With the pictures left out, reproduce exactly the lines running from the line with "جريدة يومية سياسية" to the last line of the material below.

◆ The data ◆
[Start of Attachment]
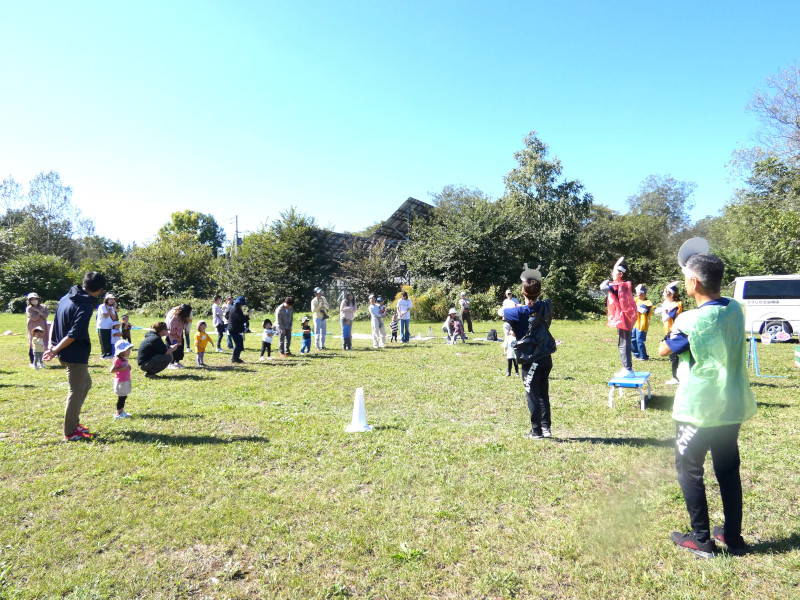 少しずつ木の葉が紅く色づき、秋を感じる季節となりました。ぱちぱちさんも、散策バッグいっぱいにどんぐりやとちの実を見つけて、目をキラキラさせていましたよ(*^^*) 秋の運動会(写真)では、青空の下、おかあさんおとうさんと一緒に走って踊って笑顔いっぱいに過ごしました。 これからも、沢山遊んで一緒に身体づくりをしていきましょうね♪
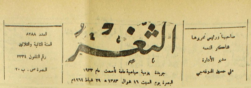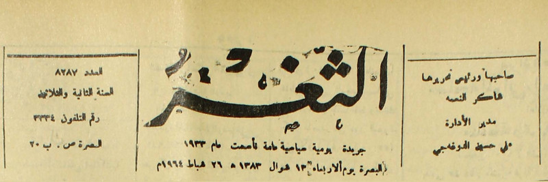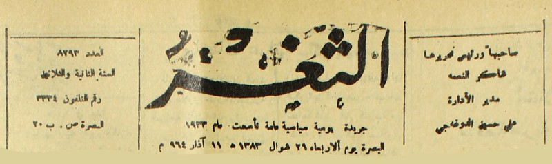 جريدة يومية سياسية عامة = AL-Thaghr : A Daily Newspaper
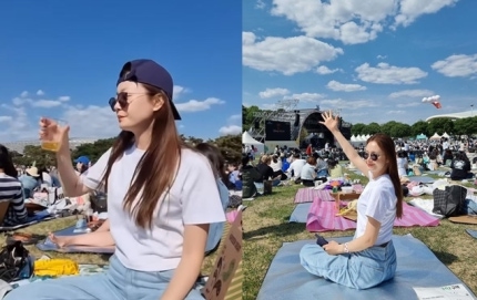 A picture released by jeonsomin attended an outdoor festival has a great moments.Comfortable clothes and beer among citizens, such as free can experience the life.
[End of Attachment]
◆ Written answer ◆
 جريدة يومية سياسية عامة = AL-Thaghr : A Daily Newspaper
 A picture released by jeonsomin attended an outdoor festival has a great moments.Comfortable clothes and beer among citizens, such as free can experience the life.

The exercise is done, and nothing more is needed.